DUYGUNUN ÖLÜMÜ İNSANIN ÖLÜMÜDÜR...
Özgür DENİZ - 01.01.2025
İyiliğin
kötülük olarak bilindiği bir çağa denk geldik tam da hayat yolunun ortasında.
Niye böyle oldu? Niye iyiliğin anlamı yok artık? Niye vefanın, fedakarlığın adı
silinmiş dünyadan? Niye küçücük yanlışlar çok büyük ihanetlermiş gibi
algılanıyor? Niye çok iyi bildiğimiz insanlara hiç bilmiyormuşuz gibi
davranıyoruz? Niye her güzel şey bir anda yok sayılabiliyor? İnsan kim, görevi
ne? Ya da insan diye bir varlık var mı, biz insan mıyız? Akılsız, iradesiz,
duygusuz, vahşi bir hayvan mı? Hep kötülük yapmak için mi var? Kötülük yapsan
kötüsün, iyilik yapsan yine kötüsün? Niye kötülük yapanlar iyi olup, iyilik
yapanlar kötü oluyorlar? Ne istiyoruz gerçekten? Boş konuşmalar, kuru
mantıklar, kurgu hayatlar, umarsızca yaşamlar, duygusu olmayan eylemler.
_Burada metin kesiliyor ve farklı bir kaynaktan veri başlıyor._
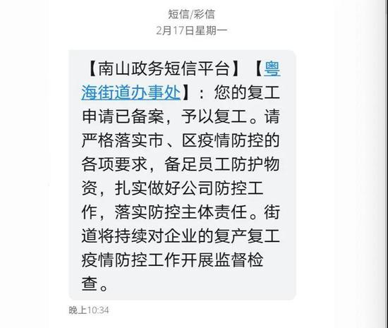 2月17日晚十点半左右,我终于收到了来自南山政务部的予以复工通知。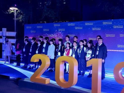 广州大学附属中学朱锺泓荣获一等奖、“科学原理一点通”优秀作品奖,右五为广州大学附属中学朱锺泓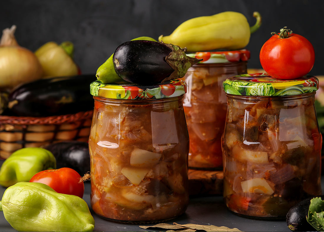 Colocar en recipientes esterilizados una capa de la preparación de berenjenas, y luego una capa de aceite. Repetir el proceso hasta completar los envases. Al finalizar, presionar con una cuchara o mortero para quitar el aire y tapar los envases.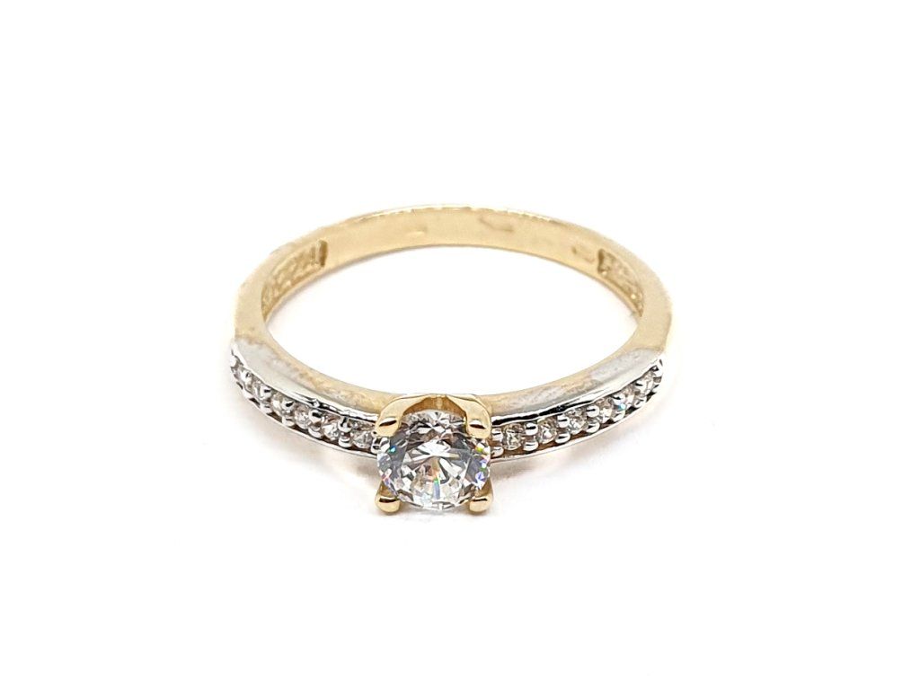 Exkluzivní zásnubní prsten ze 14kt žlutého zlata ve velikosti 50. Horní část ramen je zdobena řadami čirých zirkonů na bílém podkladu, což podtrhuje brilanci centrálního kamene. Elegantní šperk o váze 1,85 g.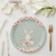 Cute Pink Bunny 2 Two Second Green Birthday Paper Plate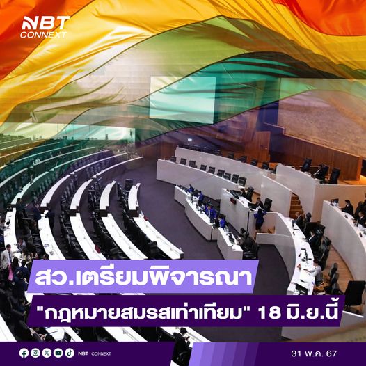 สมาชิกวุฒิสภา เตรียมพิจารณา “กฎหมายสมรสเท่าเทียม” วันที่ 18 มิถุนายน 2567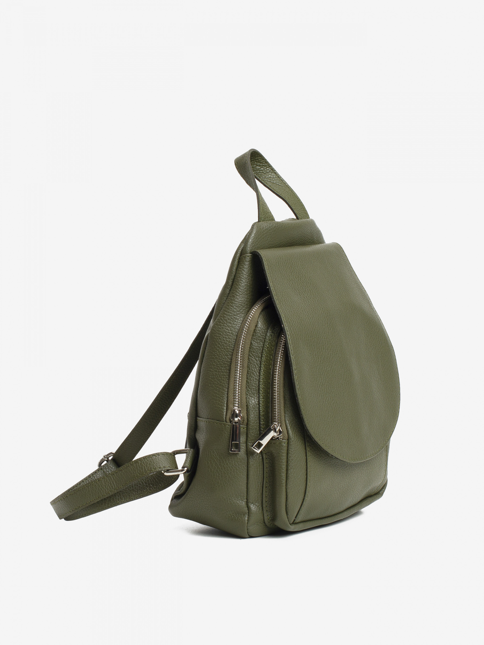 Деталі: - Матеріал: 100% натуральна шкіра - Шкіра має фактуру флотар - Фурнітура сріблястого кольору - Розміри (Ш x В x Г) - 24 x 30 x 11 см - Всередині: 1 відділення та 3 кишеньки для дрібниць, одина з них на блискавці - Зовні: кишеня на блискавці під клапаном і ззаду кишенька на блискавці - Підкладка: 100% бавовна - Застібка: блискавка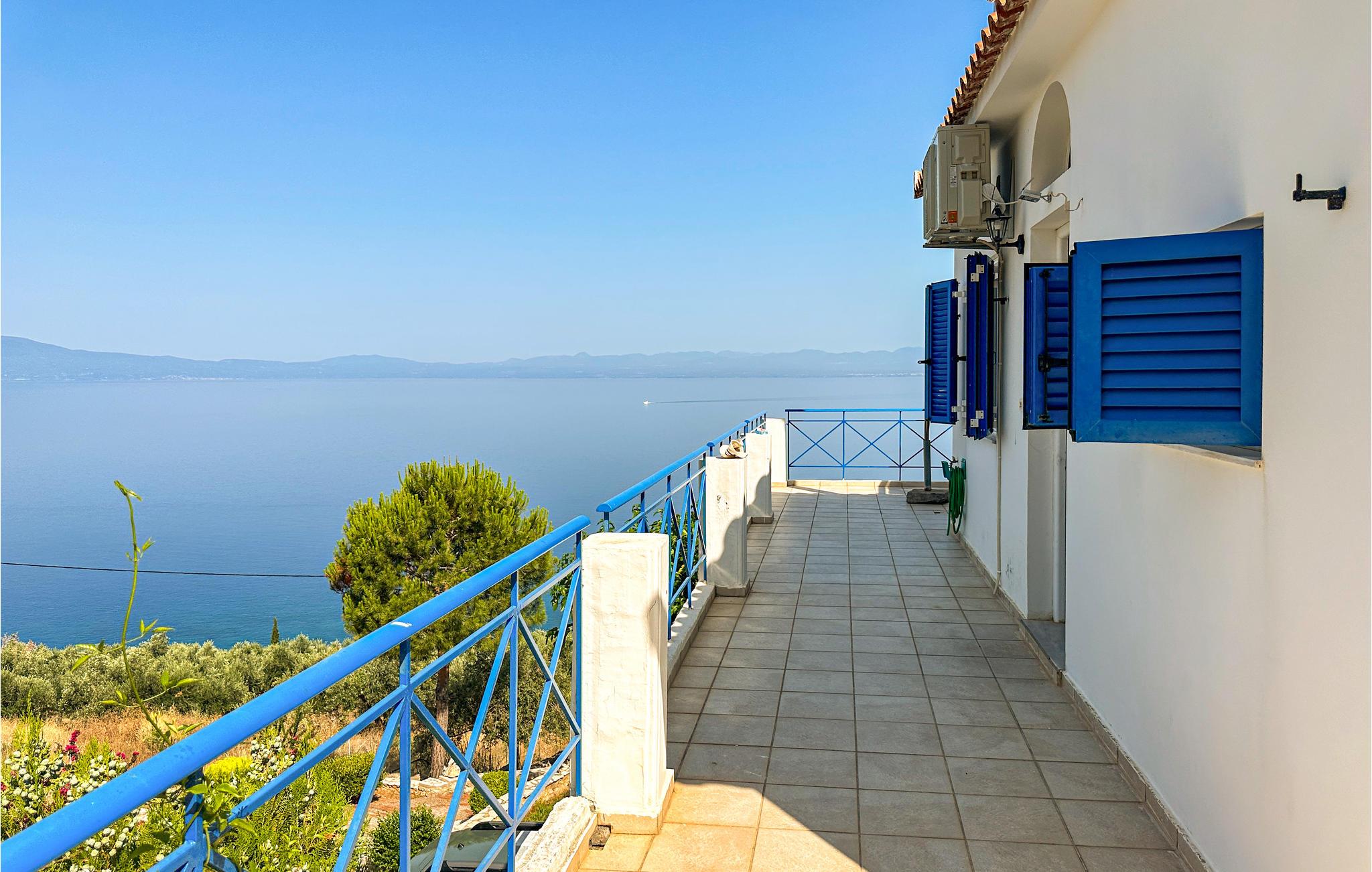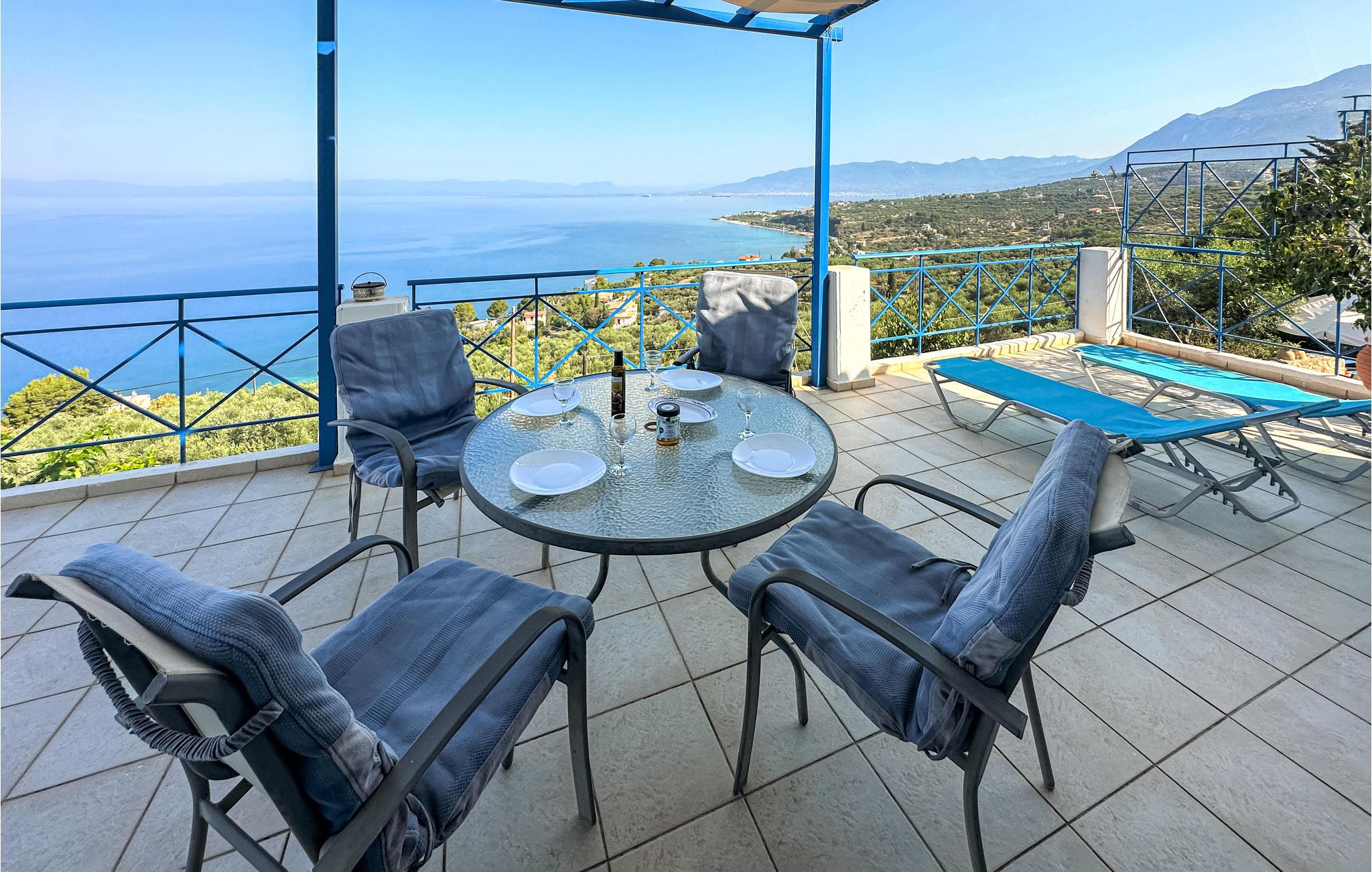 Dette velholdte halve dobbelthus med klimatiseret opholdsrum har en enestående panoramaudsigt over Kalamata og Messinia bugten.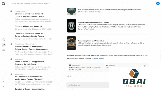 SearchGPT瞬间把几个相关的音乐节排列得清清楚楚,点击左侧边栏的链接按钮,还可以看到信息的来源,一键跳转买票。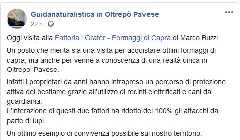 Loro che hanno trovato il modo ci vivere pacificamente nei territori dei lupi, come descrive “Guidanaturalista in Oltrepò Pavese”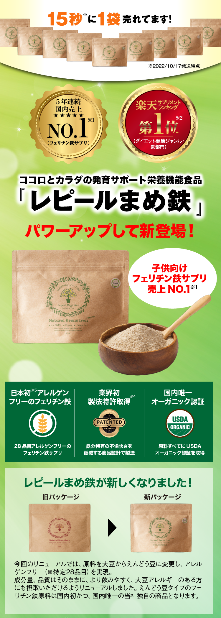 15秒※に1袋売れてます!※2022/10/17発送時点 累計販売数アジアNO.1!※1 世界初※2!フェリチン鉄配合! ココロとカラダの発達サポート栄養機能食品 『レピールまめ鉄』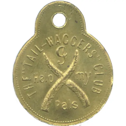 | Obverse lettering | THE `TAIL-WAGGERS` CLUB I Help my Pals |

Güzel
bir dünya istemek, iyilik tohumları ekmeye çalışmak, anlamlı bir hayat olmalı
demek, doğru eylemler yapmak hiçbir anlamı ve değeri olmayan şeyler olmuş.
İncelik, nezaket, kadirşinaslık, vefakarlık, üzmemek için gerekirse üzülmek,
sefayı bırakıp cefayı sırtlanmak, acı vermemek için tüm acılara yurt olmak
hiçbir kıymeti olmayan çöp duygular olmuş. Niye canımız istediğinde
ölmeyeceğimizi bilmiyoruz? Niye kalplerimizde ki merhametimiz öldü? Affetmek
niye basitlik ve zayıflık olarak görülür oldu? Niye sürekli hata üstüne hata
yapıp bize sanki yokmuşuz gibi davranıpta her daim üzmeye çalışanlara kıymet
veriyoruz da, bizi üzdüğünü hissedipte canı pahasına telafi etmeye çalışanları
görmüyoruz? Niye yanlış anlamaya kodlamışız kendimizi? Niye önyargılarımızı
kıramıyoruz? Niye çok iyi tanıdığımız birine sanki hiç tanımıyormuşuz gibi
yaklaşıyoruz ve hissettirmesek bile ona kötü biriymiş gibi davranıyoruz? Niye
tüm hatıraları yok sayıp bu kadar kolay çekip gidiyoruz? Niye bizim için
gerekirse canını feda etmekten zerre kadar tereddüt etmeyeceğini çok iyi
bildiğimiz insanların yüreklerini kanatmaktan çekinmiyoruz? Niye hayatlarında
ihanetin adının bile olmayanları hatta hayatlarında hiçbir zaman ihanetin
olmayacağını bildiğimiz insanları hiçbir önemi olmayan basit bir hata yüzünden
öldürüyoruz? Hikayeyi itten dinleyen aslana düşman olurmuş, gerçekten de tam da
böylesi bir hayatın acımasız çarklarında paramparça yaşıyoruz. Kıymet
bilmeyenlerin kuklası oluyoruz da, kıymet bilenlerin efendisi olmayı istiyoruz.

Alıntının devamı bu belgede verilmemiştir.